Auto-configuration, DMA, and booting from a SCSI device are defined appropriately for each BSP. If you need to change these settings, see the reference for sysScsiConfig( ) and the source file installDir/target/src/config/usrScsi.c.


*      
CAUTION: Including SCSI-2 in your VxWorks image can significantly increase the image size.

Configuring the SCSI Bus ID

Each board in a SCSI-2 environment must define a unique SCSI bus ID for the SCSI initiator. SCSI-1 drivers, which support only a single initiator at a time, assume an initiator SCSI bus ID of 7. However, SCSI-2 supports multiple initiators, up to eight initiators and targets at one time. Therefore, to ensure a unique ID, choose a value in the range 0-7 to be passed as a parameter to the driver's initialization routine (for example, ncr710CtrlInitScsi2( )) by the sysScsiInit( ) routine in sysScsi.c. For more information, see the reference entry for the relevant driver initialization routine. If there are multiple boards on one SCSI bus, and all of these boards use the same BSP, then different versions of the BSP must be compiled for each board by assigning unique SCSI bus IDs.

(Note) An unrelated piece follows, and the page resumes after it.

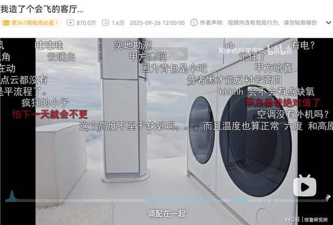 在B站,好的商业可以是好内容本身。2025年,品牌商单在B站每周必看榜的占比达到24%。A2奶粉和UP主@爱打灭霸的响指君,用自家猫咪和老鼠还原动画片《猫和老鼠》奶粉失窃的片段,激发起95后人群的童年回忆,也唤醒他们消费成人奶粉的需求;为了让用户对COLMO新品“云璃白”家电有最直观的了解,UP主@神奇阿宇Ayu脑洞大开,直接把客厅搬到2000米高空,在云层中体验“云璃白”电器。该视频不仅登上每周必看榜,屏幕中还不断涌现“甲方爸爸暗喜”等弹幕。

ROM Size Adjustment for SCSI Boot

If the INCLUDE_SCSI_BOOT component is included, larger ROMs may be required for some boards.

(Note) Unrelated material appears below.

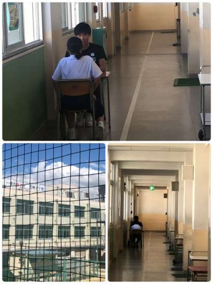教育相談期間です。担任の先生と1年生廊下にて一人ずつ話をしています。

Structure of the SCSI Subsystem

The SCSI subsystem supports libraries and drivers for both SCSI-1 and SCSI-2. It consists of the following six libraries which are independent of any SCSI controller:

scsiLib
routines that provide the mechanism for switching SCSI requests to either the SCSI-1 library (scsi1Lib) or the SCSI-2 library (scsi2Lib), as configured by the board support package (BSP).

scsi1Lib
SCSI-1 library routines and interface, used when only INCLUDE_SCSI is used (see Configuring SCSI Drivers).

scsi2Lib
SCSI-2 library routines and all physical device creation and deletion routines.

scsiCommonLib
commands common to all types of SCSI devices.

scsiDirectLib
routines and commands for direct access devices (disks).

scsiSeqLib
routines and commands for sequential access block devices (tapes).

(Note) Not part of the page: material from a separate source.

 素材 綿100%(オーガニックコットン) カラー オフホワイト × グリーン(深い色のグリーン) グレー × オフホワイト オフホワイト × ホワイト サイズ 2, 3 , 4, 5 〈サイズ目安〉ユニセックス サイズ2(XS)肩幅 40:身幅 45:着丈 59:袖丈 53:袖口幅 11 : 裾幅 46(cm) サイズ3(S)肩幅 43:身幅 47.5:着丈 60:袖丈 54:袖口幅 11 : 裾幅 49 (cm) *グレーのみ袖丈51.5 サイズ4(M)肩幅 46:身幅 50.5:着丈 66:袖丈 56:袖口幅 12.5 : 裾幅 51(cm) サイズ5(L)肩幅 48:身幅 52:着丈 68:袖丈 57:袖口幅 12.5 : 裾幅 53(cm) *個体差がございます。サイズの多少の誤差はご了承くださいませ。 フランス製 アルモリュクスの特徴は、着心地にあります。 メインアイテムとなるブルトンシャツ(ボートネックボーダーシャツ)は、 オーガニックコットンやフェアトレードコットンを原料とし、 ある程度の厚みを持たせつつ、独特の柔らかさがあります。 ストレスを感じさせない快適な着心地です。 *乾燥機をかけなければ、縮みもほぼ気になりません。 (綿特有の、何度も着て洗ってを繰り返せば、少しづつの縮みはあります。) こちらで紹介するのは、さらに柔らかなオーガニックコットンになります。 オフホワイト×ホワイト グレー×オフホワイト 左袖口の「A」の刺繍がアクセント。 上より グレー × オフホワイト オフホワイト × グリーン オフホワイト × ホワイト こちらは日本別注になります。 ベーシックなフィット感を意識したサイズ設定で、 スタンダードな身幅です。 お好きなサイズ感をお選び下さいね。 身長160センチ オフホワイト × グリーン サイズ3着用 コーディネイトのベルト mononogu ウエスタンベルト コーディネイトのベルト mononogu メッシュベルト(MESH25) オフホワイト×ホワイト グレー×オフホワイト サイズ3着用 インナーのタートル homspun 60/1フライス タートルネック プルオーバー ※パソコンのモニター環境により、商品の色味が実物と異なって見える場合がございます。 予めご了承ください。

Controller-independent support for the SCSI-2 functionality is divided into scsi2Lib, scsiCommonLib, scsiDirectLib, and scsiSeqLib. The interface to any of these SCSI-2 libraries can be accessed directly. However, scsiSeqLib is designed to be used in conjunction with tapeFs, while scsiDirectLib works with dosFs and rawFs. Applications written for SCSI-1 can be used with SCSI-2; however, SCSI-1 device drivers cannot.

VxWorks targets using SCSI interface controllers require a controller-specific device driver. These device drivers work in conjunction with the controller-independent SCSI libraries, and they provide controller configuration and initialization routines contained in controller-specific libraries. For example, the Western Digital WD33C93 SCSI controller is supported by the device driver libraries wd33c93Lib, wd33c93Lib1, and wd33c93Lib2. Routines tied to SCSI-1 (such as wd33c93CtrlCreate( )) and SCSI-2 (such as wd33c93CtrlCreateScsi2( )) are segregated into separate libraries to simplify configuration. There are also additional support routines for individual targets in sysLib.c.

Booting and Initialization

After VxWorks is built with SCSI support, the system startup code initializes the SCSI interface by executing sysScsiInit( ) and usrScsiConfig( ) when INCLUDE_SCSI is included in VxWorks. The call to sysScsiInit( ) initializes the SCSI controller and sets up interrupt handling. The physical device configuration is specified in usrScsiConfig( ), which is in installDir/target/src/config/usrScsi.c. The routine contains an example of the calling sequence to declare a hypothetical configuration, including:

  • definition of physical devices with scsiPhysDevCreate( )
  • creation of logical partitions with scsiBlkDevCreate( )
  • specification of a file system with dosFsDevCreate( ).

If you are not using SCSI_AUTO_CONFIG, modify usrScsiConfig( ) to reflect your actual configuration. For more information on the calls used in this routine, see the reference entries for scsiPhysDevCreate( ), scsiBlkDevCreate( ), dosFsDevCreate( ), and dosFsVolFormat( ).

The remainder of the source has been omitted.